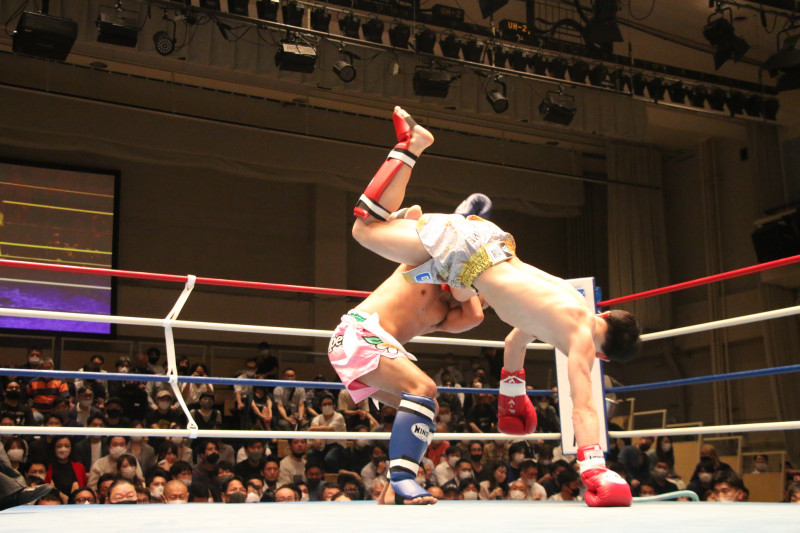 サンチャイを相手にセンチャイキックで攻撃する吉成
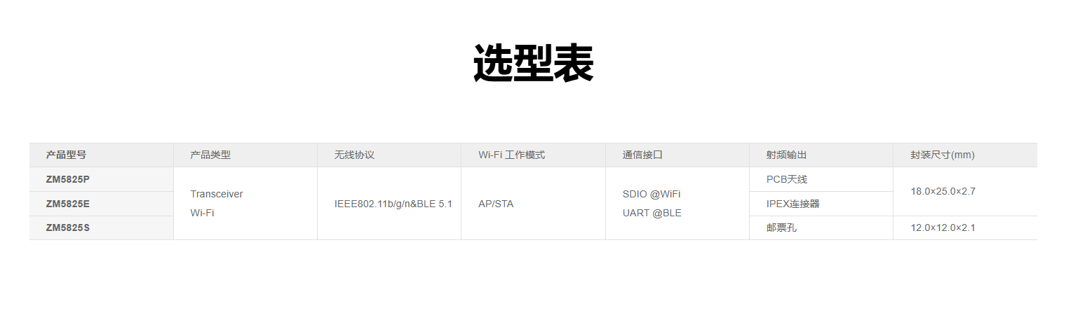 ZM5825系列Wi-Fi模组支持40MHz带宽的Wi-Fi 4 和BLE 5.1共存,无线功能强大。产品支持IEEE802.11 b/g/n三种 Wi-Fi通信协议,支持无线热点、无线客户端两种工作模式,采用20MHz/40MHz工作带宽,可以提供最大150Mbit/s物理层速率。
* * *
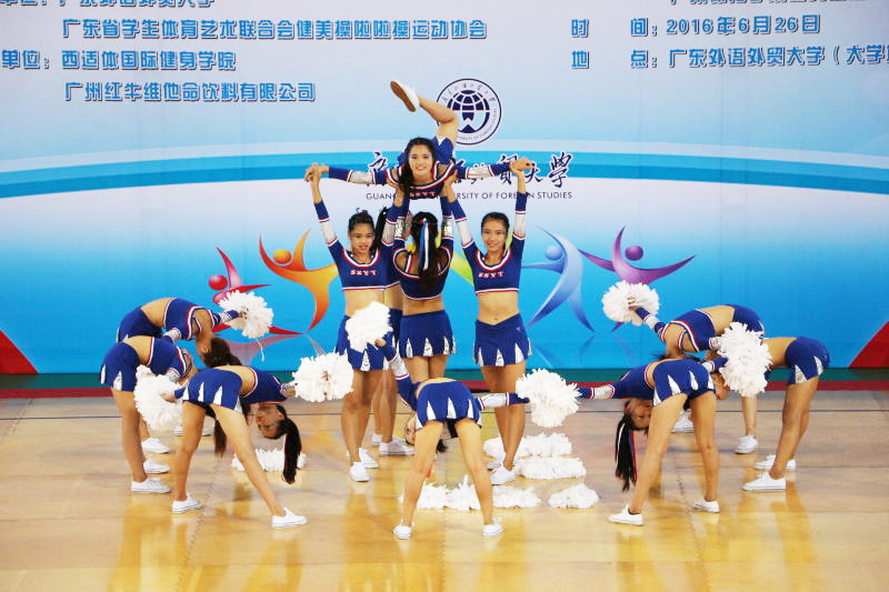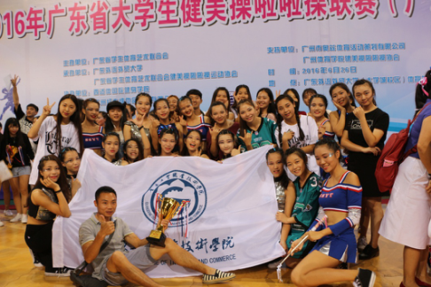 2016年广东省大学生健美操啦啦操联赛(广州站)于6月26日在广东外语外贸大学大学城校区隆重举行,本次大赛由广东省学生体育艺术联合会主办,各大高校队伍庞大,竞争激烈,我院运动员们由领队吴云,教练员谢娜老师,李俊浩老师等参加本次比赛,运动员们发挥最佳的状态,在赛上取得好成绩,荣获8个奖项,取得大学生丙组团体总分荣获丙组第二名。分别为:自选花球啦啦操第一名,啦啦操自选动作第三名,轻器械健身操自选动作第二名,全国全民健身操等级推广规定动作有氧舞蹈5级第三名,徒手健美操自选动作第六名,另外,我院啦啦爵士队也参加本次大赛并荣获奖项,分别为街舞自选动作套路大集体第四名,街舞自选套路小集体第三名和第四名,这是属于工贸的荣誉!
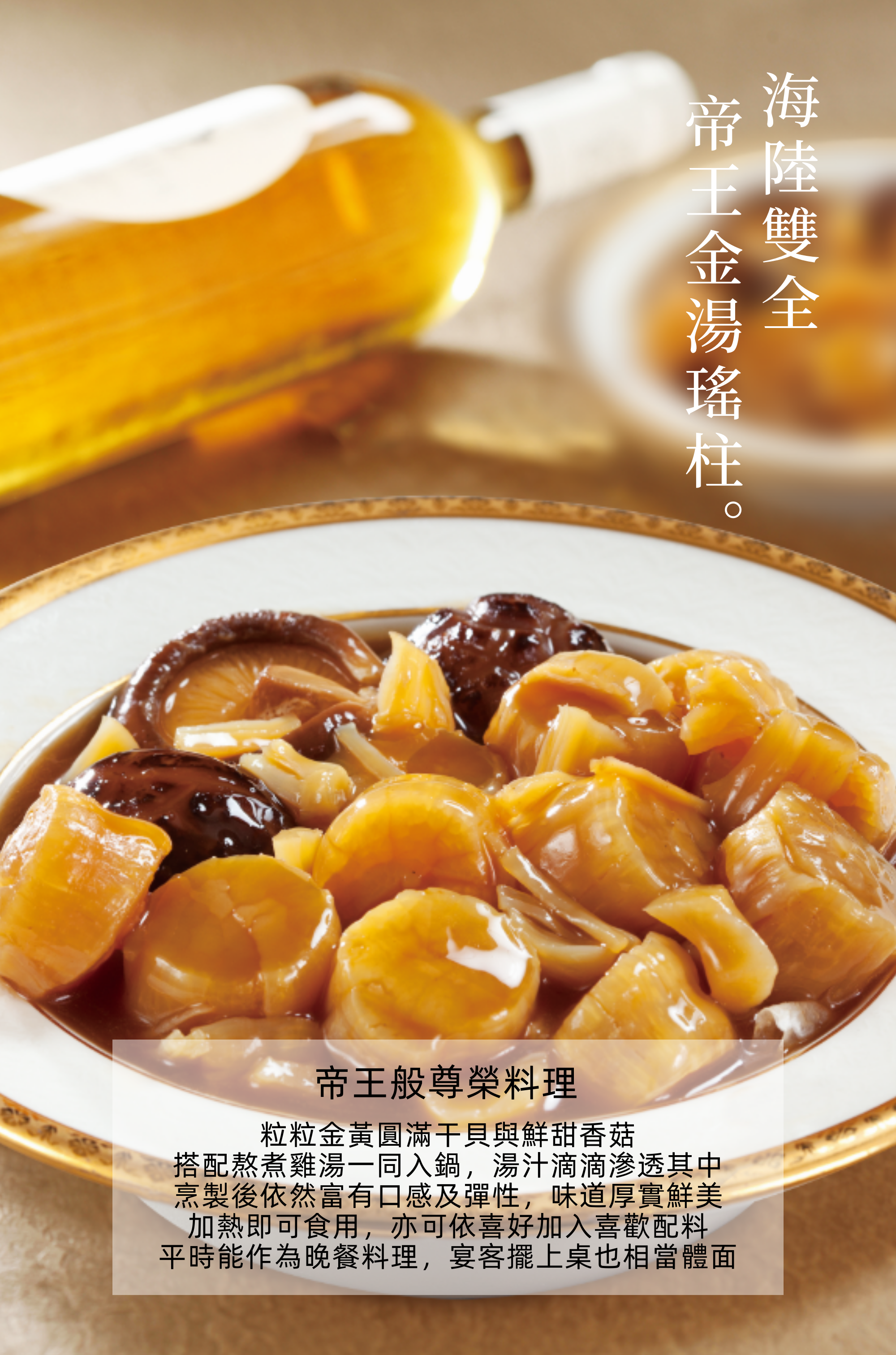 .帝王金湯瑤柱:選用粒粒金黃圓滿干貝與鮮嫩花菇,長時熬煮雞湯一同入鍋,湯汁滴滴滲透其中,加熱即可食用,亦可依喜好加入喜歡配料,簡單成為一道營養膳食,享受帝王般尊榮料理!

◆ Problem requirements ◆
Because only one stretch of the records is wanted, please output the lines from the one holding "サンチャイを相手にセンチャイキックで攻撃する吉成" through the one holding "ZM5825系列Wi-Fi模组支持40MHz带宽的Wi-Fi 4 和BLE" exactly, both included, and leave every picture out.

◆ Answer box ◆
 サンチャイを相手にセンチャイキックで攻撃する吉成
 ZM5825系列Wi-Fi模组支持40MHz带宽的Wi-Fi 4 和BLE 5.1共存,无线功能强大。产品支持IEEE802.11 b/g/n三种 Wi-Fi通信协议,支持无线热点、无线客户端两种工作模式,采用20MHz/40MHz工作带宽,可以提供最大150Mbit/s物理层速率。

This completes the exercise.